Eu me ajeitei na poltrona com o meu estojo e caderno de aula debaixo do braço e a indisposição macabra de silenciar a cada pergunta. Mas a psicanalista não questionou nada, e o seu silêncio inesperado foi me enervando. Ela me observava com interesse, e eu querendo cada vez mais me esconder. Quando alguém permanece quieto muito tempo em nossa frente é como encarar um espelho e o tamanho de nossas dúvidas. Ela me provocava não me provocando, ela me emparedava abrindo todas as portas. Aquela liberdade assustadora de não ser cobrado a participar me aprisionava.
Mexi em meu estojo para me distrair.
Ela perguntou se eu poderia emprestar uma caneta.
Alcancei uma Bic azul. Ela viu que a tampa estava mordida. Olhou com carinho e comentou:
– Enquanto não morder o tubo, está tudo bem.

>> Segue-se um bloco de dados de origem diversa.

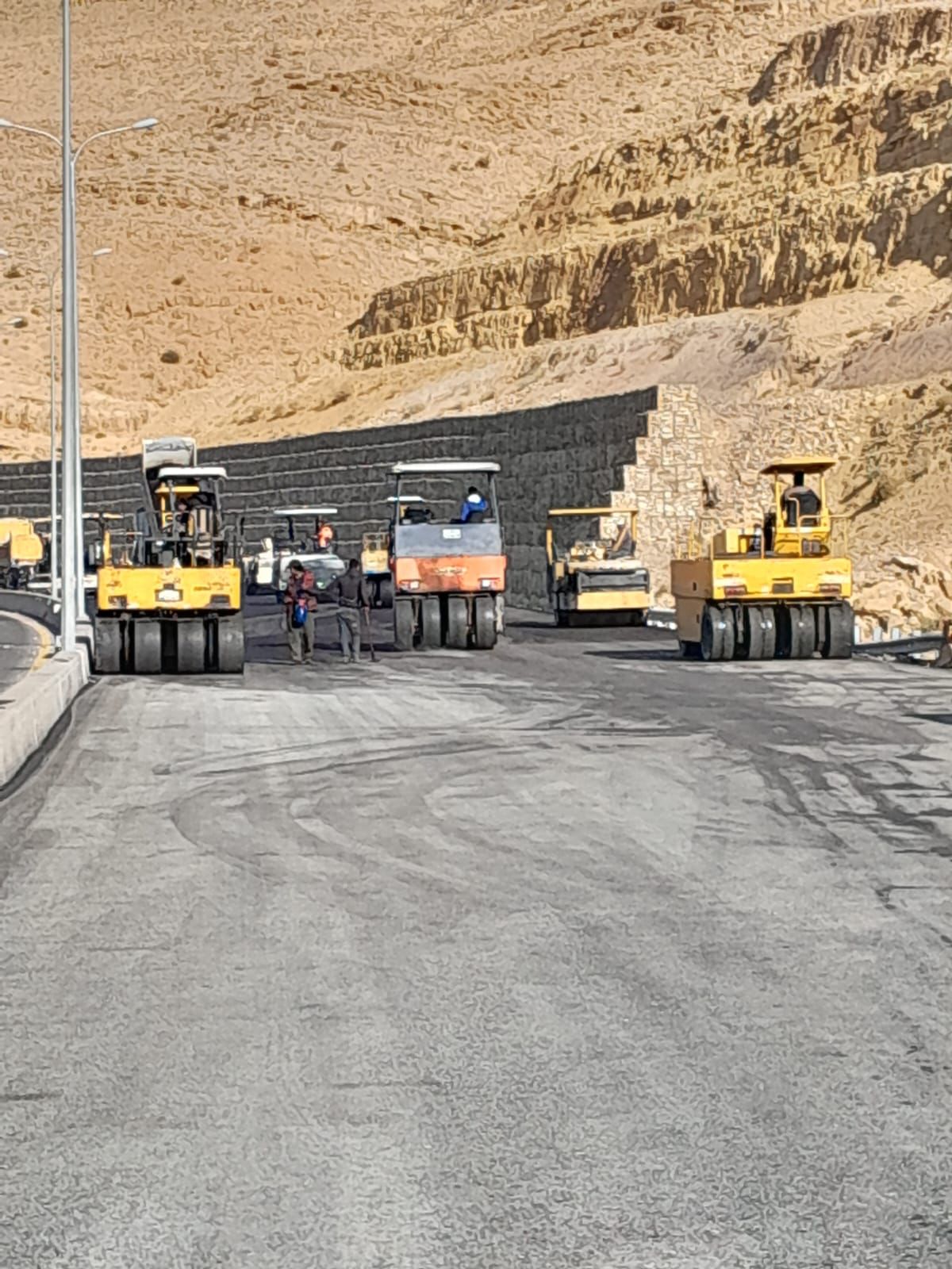 وأشار الى انه تم خلع الطبقات الأسفلتية القائمة وطبقات الرصف، وصولا الى تنفيذ طبقات التأسيس والرصف شاملا طبقتي الفرشيات وثلاث طبقات من الخلطة الأسفلتية بسماكة 21 سم بحسب الدراسات التي تمت لهذه الطبقات.وتشمل الأعمال ايضا، بحسب المحارمة، توسعة المسارب القائمة لتصبح 3 مسارب وكتفاً للقادم من العقبة باتجاه عمان، ومسربين وكتفا للسير القادم من عمان باتجاه العقبة بمقطع عرضي مشابه لما تم تنفيذه في مشروع إعادة إنشاء الطريق الصحراوي.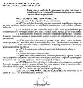 Foi sancionada na última sexta (1/8) a Lei nº 13.808/2025, de autoria do deputado estadual Júnior Araújo (PSB), que proíbe a divulgação de propaganda de sites eletrônicos com conteúdo adulto em espaços e eventos públicos na Paraíba. A medida, já em vigor, vale para locais como estádios, teatros, cinemas, praças e arenas que recebam recursos públicos ou subvenções do Estado.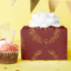 Leaf oval monogram drawing gold on dark red wrapping paper
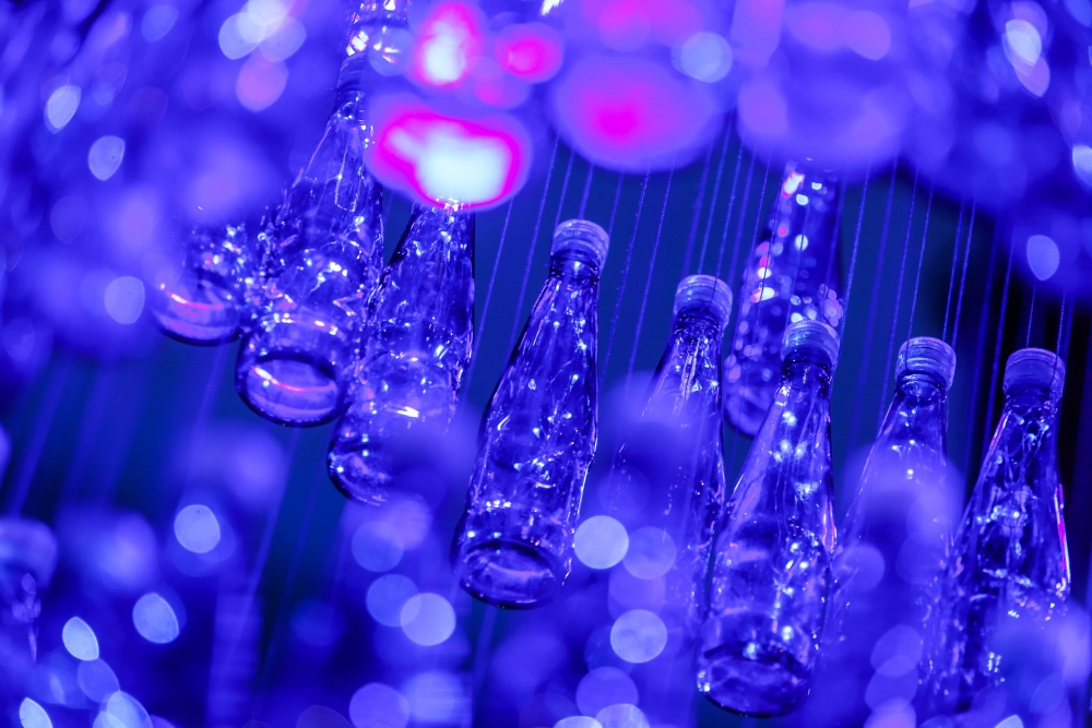 體驗區(qū)內(nèi)多個1664藍(lán)色鈷玻璃瓶錯落有致地懸掛于頂,當(dāng)來賓們穿過以1664瓶身為形的晚宴入口,步入流動的長廊,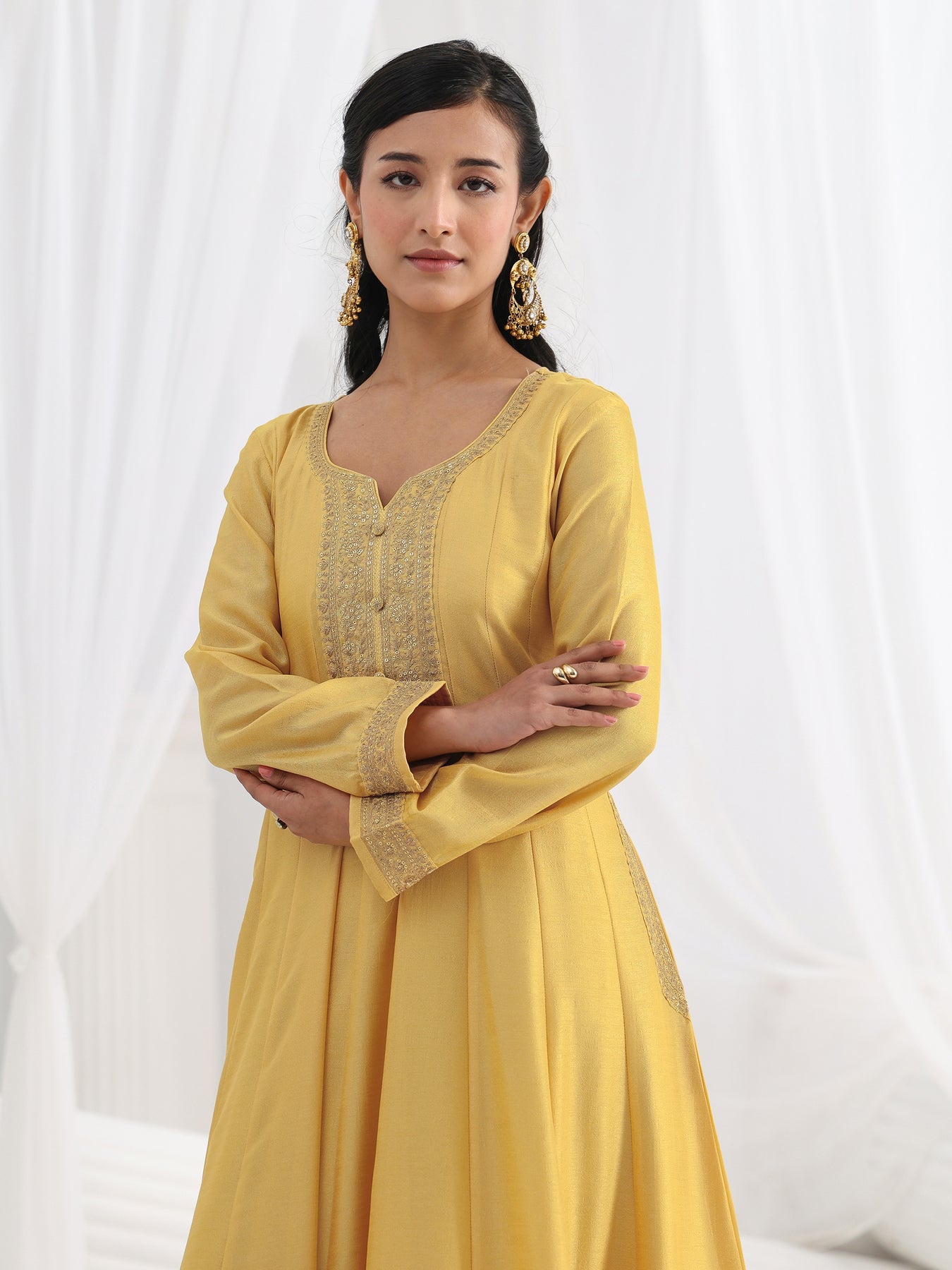 Yellow Embroidered Silk A-Line Gown With Dupatta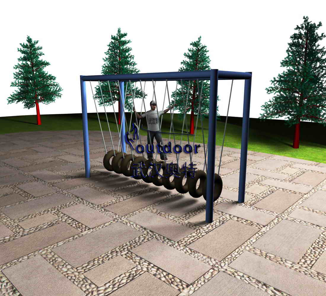 拓展設(shè)施產(chǎn)品介紹:一座由懸吊輪胎組成的橋面,多人或單人體驗(yàn)。

Eu ri de nervoso e demonstrei curiosidade.
– Morder a tampa significa alguma coisa?
– Significa que não fecha as conversas, que foge das discussões com medo de dizer a verdade, que reprime o desejo e vira as costas remoendo sozinho as suas frustrações e decepções, jamais repartindo a sua verdadeira opinião com ninguém, nem com seus melhores amigos.

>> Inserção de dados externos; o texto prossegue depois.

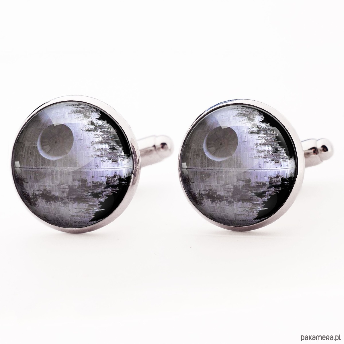 Ręcznie robione spinki do mankietów z wysokiej jakości grafiką offsetową pokrytą wypukłym, powiększającym szkiełkiem.
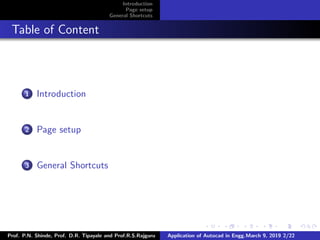 The document provides an overview of AutoCAD and describes various shortcuts and commands for page setup, drawing, and editing in AutoCAD. It introduces AutoCAD as 2D and 3D modeling software widely used in engineering and outlines shortcuts for common tasks like saving files, undoing/redoing actions, and copying/pasting. The document also lists commands for setting up pages, units and drawing styles as well as shortcuts for drawing, editing, and arranging objects in AutoCAD drawings.
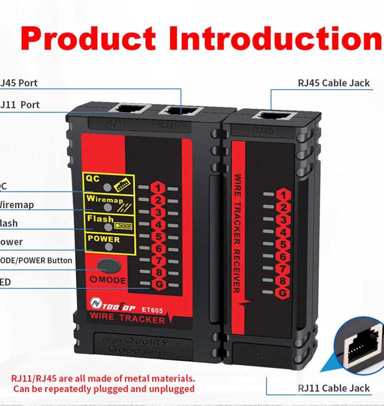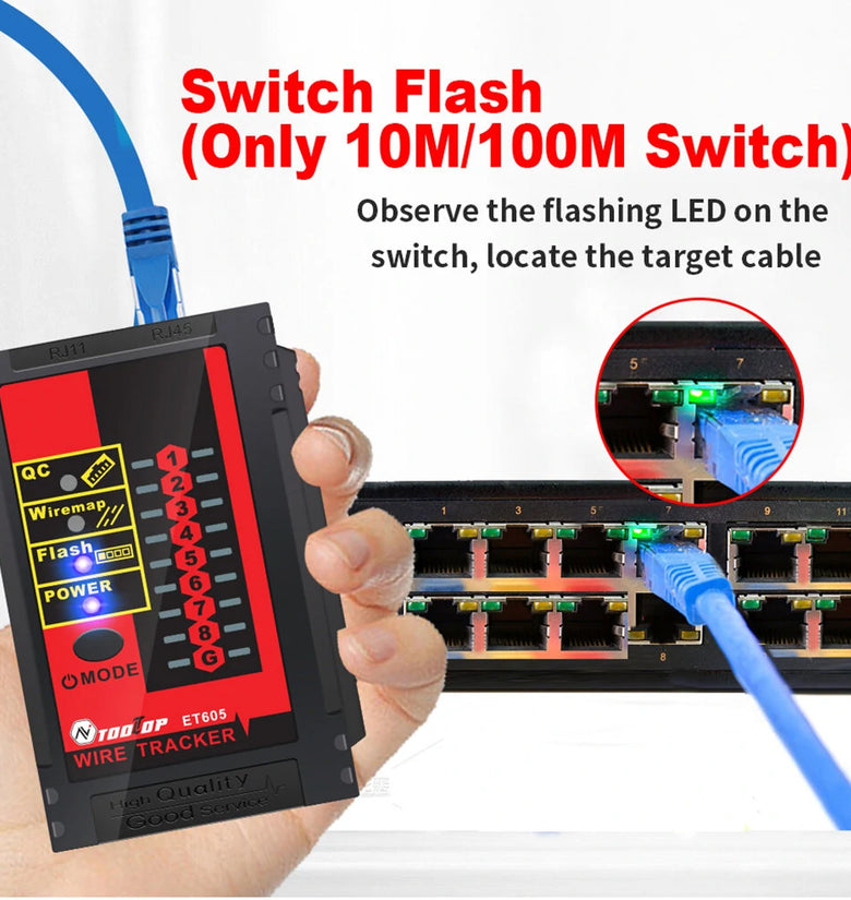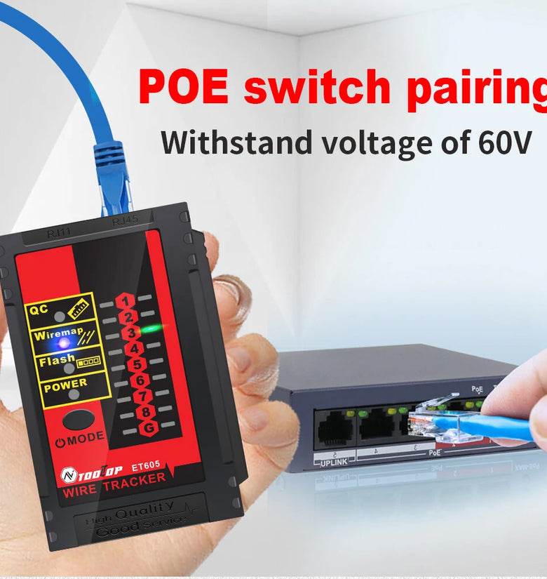 TOOLTOP ET605 LAN Network QC Cable Port Tester Pairing Check Switch Flash POE Withstand 60V Telephone Network Cable Line Finder

Não revelei coisa alguma durante uma hora do encontro, mas ela me decifrou inteiramente apenas analisando a tampinha mordida da caneta. Uma mera, idiota e banal tampinha iluminou o meu comportamento.
A partir daquele dia, nunca mais subestimei a psicanálise e cuidei para morder somente a insossa borracha nos momentos de maior ansiedade.